Introduction

Getting started

You can use the Label Studio Python SDK to make annotating data a more integrated part of your data science and machine learning pipelines. This software development kit (SDK) lets you call the Label Studio API directly from scripts using predefined classes and methods.
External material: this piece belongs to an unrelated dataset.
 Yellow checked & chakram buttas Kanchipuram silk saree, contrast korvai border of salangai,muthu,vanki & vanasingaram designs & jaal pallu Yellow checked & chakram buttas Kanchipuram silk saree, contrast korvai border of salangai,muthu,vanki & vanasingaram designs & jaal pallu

With the Label Studio Python SDK, you can perform the following tasks in a Python script:

For additional guidance on using our SDK, see 5 Tips and Tricks for Label Studio’s API and SDK

Install

Install the Label Studio SDK using pip:

pip install label-studio-sdk

Authentication

In your Python script, do the following:

  • Import the SDK.
  • Define your API key and Label Studio URL (API key is available at Account page).
  • Connect to the API.
1# Define the URL where Label Studio is accessible and the API key for your user account
2LABEL_STUDIO_URL = 'http://localhost:8080'
3API_KEY = 'd6f8a2622d39e9d89ff0dfef1a80ad877f4ee9e3'
4
5# Import the SDK and the client module
6from label_studio_sdk.client import LabelStudio
7
8# Connect to the Label Studio API and check the connection
9ls = LabelStudio(base_url=LABEL_STUDIO_URL, api_key=API_KEY)

Create a Project

After you connect to the Label Studio API, you can create a project in Label Studio using the SDK. Specify the project title and the labeling configuration. Choose your labeling configuration based on the type of labeling that you wish to perform. See the available templates for Label Studio projects, or set a blank configuration with <View></View>.
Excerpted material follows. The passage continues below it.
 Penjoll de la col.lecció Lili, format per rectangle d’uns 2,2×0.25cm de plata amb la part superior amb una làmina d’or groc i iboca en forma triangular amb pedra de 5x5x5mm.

For example, create a text classification project in your Python code:

1project = ls.projects.create(
2 title='Text Classification',
3 label_config='''
4 <View>
5 <Text name="text" value="$text" />
6 <Choices name="label" toName="text" choice="single">
7 <Choice value="Positive" />
8 <Choice value="Negative" />
9 </Choices>
10 </View>'''
11)

For more about what you can do with the project module of the SDK, see the project module SDK reference.

Import Tasks

You can import tasks from your script using the Label Studio Python SDK client.

For a specific project created, you can import tasks in Label Studio JSON format or connect to cloud storage providers and import image, audio, or video files directly.

Add Model Predictions

You can add predictions to existing tasks in Label Studio in your Python script.

For an existing simple image classification project, you can do the following to add predictions of “Dog” for image tasks that you retrieve:

1tasks = ls.tasks.list(project=project.id, include='id')
2for task in tasks:
3 ls.predictions.create(
4 task=task.id,
5 result=[{'from_name': 'label', 'to_name': 'text', 'type': 'choices', 'value': {'choices': ['Positive']}}],
6 score=0.99,
7 model_version='my-super-ai'
8 )

For another example, see the Jupyter notebook example of importing pre-annotated data.

The image is specified in the image key using a public URL, and the prediction is referenced in an arbitrary pet key, which is then specified in the preannotated_from_fields() method.

For more examples, see the Jupyter notebook example of importing pre-annotated data.

Managing Labeling Jobs

You can also use the SDK to control how tasks appear in the data manager to annotators or reviewers. You can create custom filters and ordering for the tasks based on parameters that you specify with the SDK. This lets you have more granular control over which tasks in your dataset get labeled or reviewed, and in which order.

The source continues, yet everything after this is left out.